** Opening SOURCE MATERIAL block **
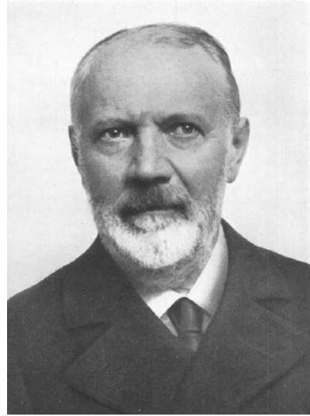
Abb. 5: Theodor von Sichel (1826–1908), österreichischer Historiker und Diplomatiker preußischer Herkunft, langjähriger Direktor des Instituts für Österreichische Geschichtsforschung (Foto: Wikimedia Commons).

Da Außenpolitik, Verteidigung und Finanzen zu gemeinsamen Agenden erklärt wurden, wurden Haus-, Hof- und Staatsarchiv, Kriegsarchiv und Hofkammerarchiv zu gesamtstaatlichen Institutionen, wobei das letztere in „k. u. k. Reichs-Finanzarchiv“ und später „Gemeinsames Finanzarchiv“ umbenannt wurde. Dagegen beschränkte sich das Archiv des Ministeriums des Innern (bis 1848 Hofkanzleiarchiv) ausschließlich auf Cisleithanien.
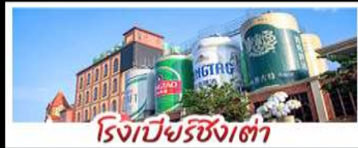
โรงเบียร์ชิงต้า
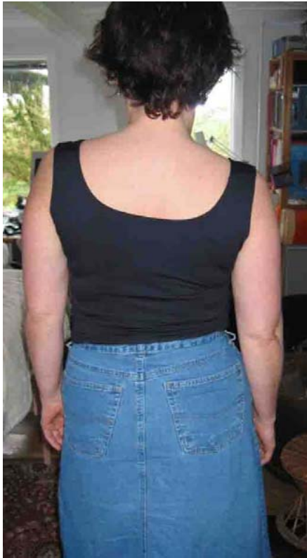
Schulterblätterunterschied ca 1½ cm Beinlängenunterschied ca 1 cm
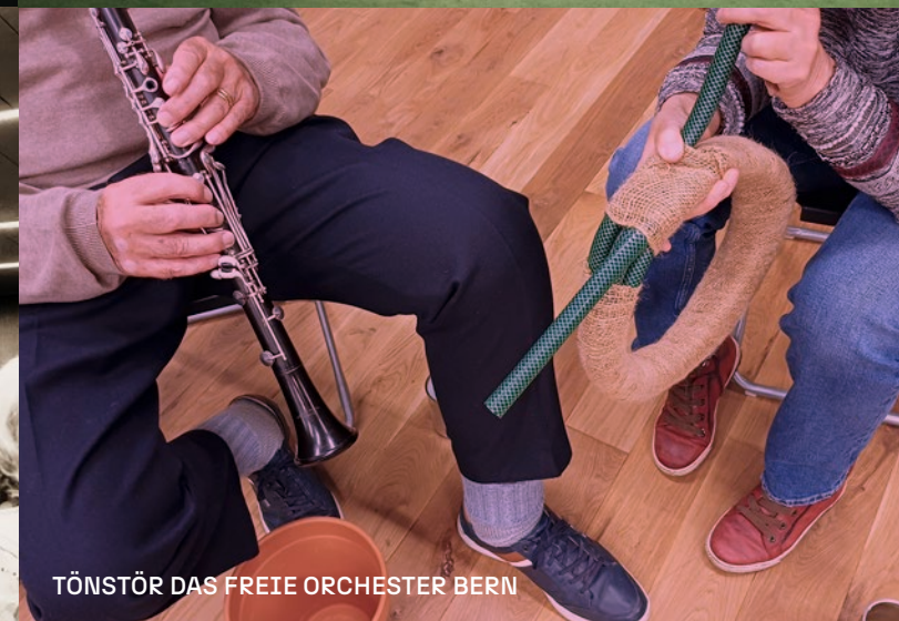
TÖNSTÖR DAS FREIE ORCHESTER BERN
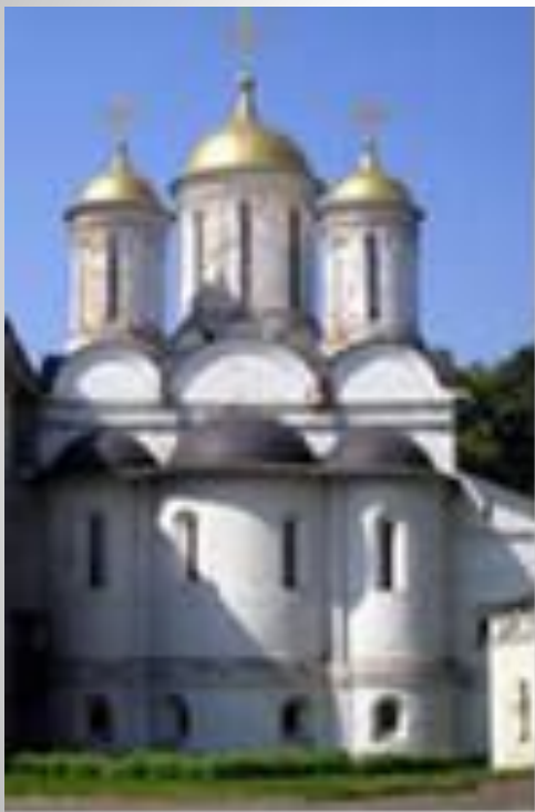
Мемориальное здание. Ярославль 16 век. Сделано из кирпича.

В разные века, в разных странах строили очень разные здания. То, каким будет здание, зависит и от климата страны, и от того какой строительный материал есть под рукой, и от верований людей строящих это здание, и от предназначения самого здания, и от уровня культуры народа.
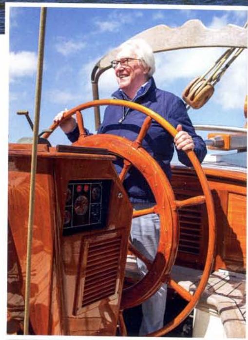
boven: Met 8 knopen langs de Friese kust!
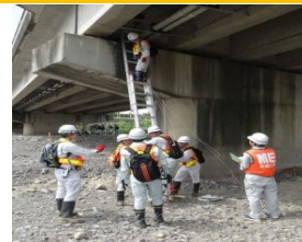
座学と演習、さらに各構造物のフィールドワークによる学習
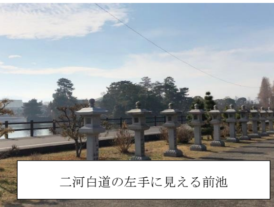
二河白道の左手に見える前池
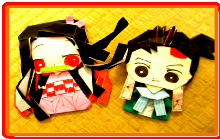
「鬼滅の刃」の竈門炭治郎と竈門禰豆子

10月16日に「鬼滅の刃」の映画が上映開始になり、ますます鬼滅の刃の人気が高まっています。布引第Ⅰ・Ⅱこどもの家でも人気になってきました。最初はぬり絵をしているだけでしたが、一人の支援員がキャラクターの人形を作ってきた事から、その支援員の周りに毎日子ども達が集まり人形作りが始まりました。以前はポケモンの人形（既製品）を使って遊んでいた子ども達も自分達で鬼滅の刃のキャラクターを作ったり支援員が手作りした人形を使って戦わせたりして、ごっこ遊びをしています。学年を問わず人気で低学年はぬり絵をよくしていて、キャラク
** Closing SOURCE MATERIAL block **
** Opening SOURCE MATERIAL block **
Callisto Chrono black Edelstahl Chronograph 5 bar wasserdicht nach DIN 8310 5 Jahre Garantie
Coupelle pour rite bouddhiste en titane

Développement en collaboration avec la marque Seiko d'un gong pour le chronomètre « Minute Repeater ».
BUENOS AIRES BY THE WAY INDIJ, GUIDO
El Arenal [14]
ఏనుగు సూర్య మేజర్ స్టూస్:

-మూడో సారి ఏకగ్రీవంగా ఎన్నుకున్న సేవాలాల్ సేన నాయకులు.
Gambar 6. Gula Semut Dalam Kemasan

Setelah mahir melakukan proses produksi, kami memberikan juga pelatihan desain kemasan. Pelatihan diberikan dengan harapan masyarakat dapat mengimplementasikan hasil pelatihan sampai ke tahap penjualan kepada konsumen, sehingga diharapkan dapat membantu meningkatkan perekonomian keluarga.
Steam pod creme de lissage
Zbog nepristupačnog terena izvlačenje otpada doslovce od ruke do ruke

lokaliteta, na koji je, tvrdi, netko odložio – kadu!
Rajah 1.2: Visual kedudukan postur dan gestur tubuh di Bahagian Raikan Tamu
** Closing SOURCE MATERIAL block **
** Opening SOURCE MATERIAL block **
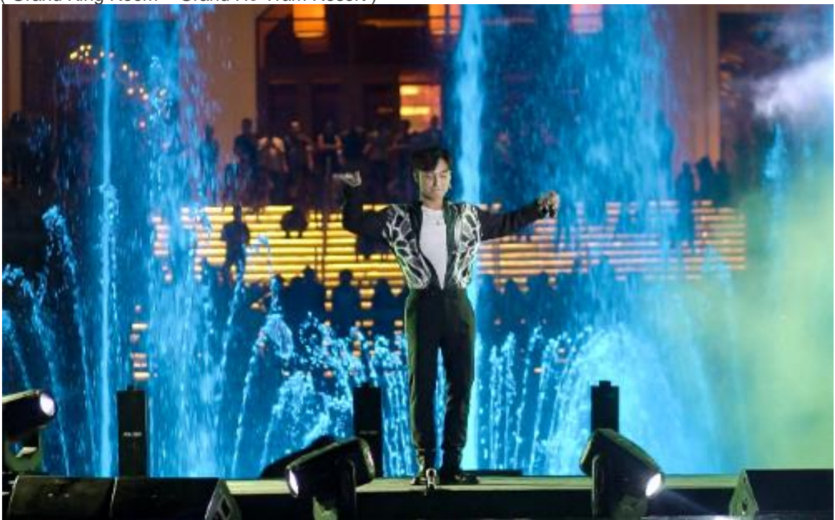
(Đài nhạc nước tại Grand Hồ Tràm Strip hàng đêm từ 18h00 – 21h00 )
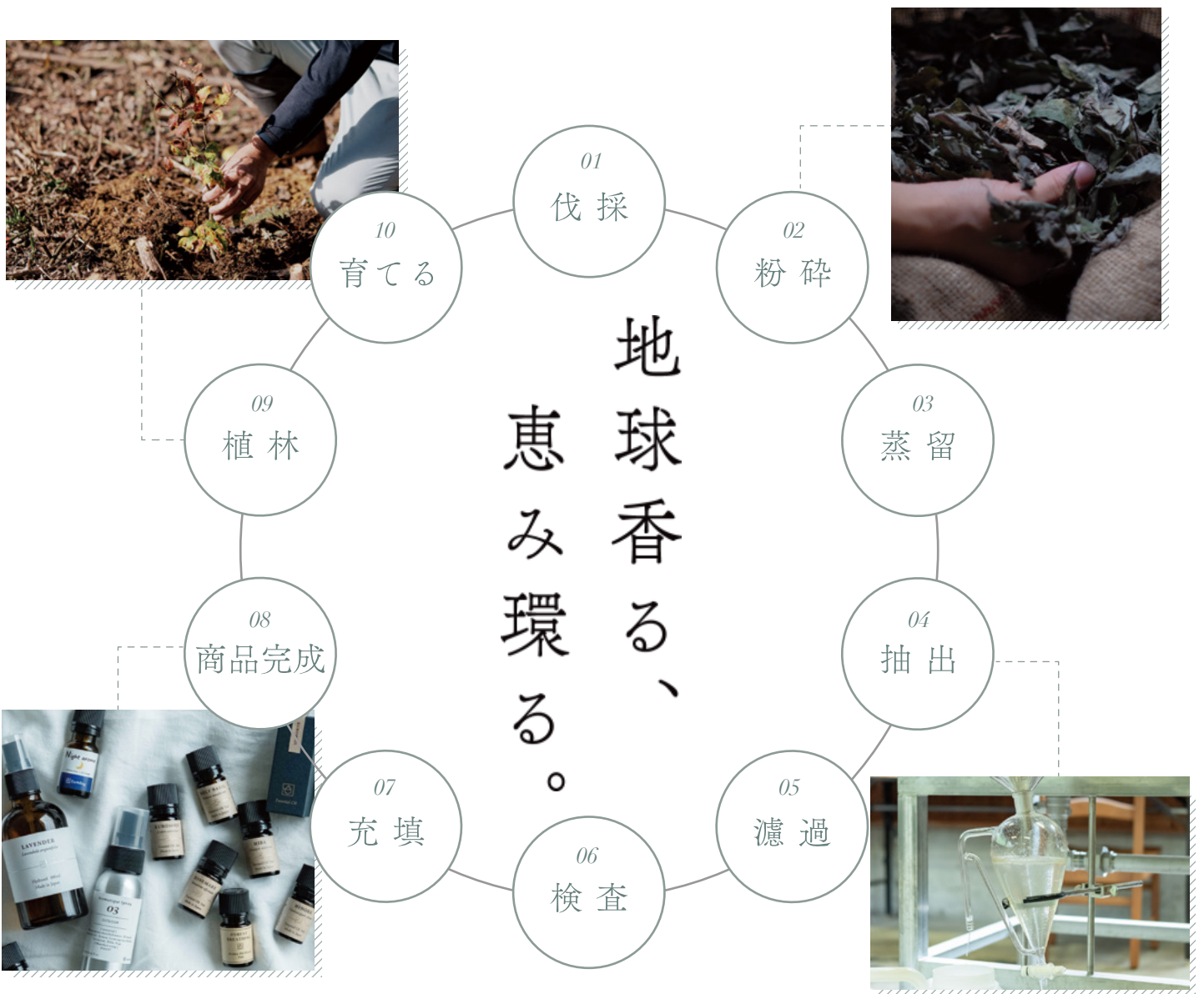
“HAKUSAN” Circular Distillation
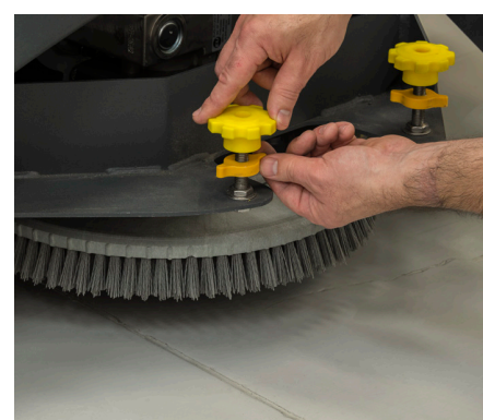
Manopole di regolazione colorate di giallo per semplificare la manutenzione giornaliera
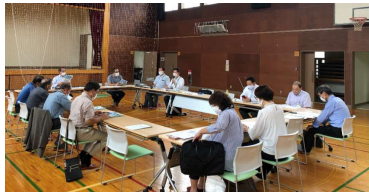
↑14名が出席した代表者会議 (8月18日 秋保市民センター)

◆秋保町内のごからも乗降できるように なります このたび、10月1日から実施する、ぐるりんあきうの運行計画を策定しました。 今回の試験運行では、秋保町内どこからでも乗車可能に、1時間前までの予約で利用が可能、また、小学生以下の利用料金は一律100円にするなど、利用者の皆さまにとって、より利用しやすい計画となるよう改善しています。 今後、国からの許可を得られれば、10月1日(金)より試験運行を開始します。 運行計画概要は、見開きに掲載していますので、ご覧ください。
** Closing SOURCE MATERIAL block **
*TO DO*
Please reproduce the lines from the line with "lokaliteta, na koji" to the line with "Rajah 1.2: Visual", both ends included, exactly as they appear above.

*RESULT OF THIS EXERCISE*
lokaliteta, na koji je, tvrdi, netko odložio – kadu!
Rajah 1.2: Visual kedudukan postur dan gestur tubuh di Bahagian Raikan Tamu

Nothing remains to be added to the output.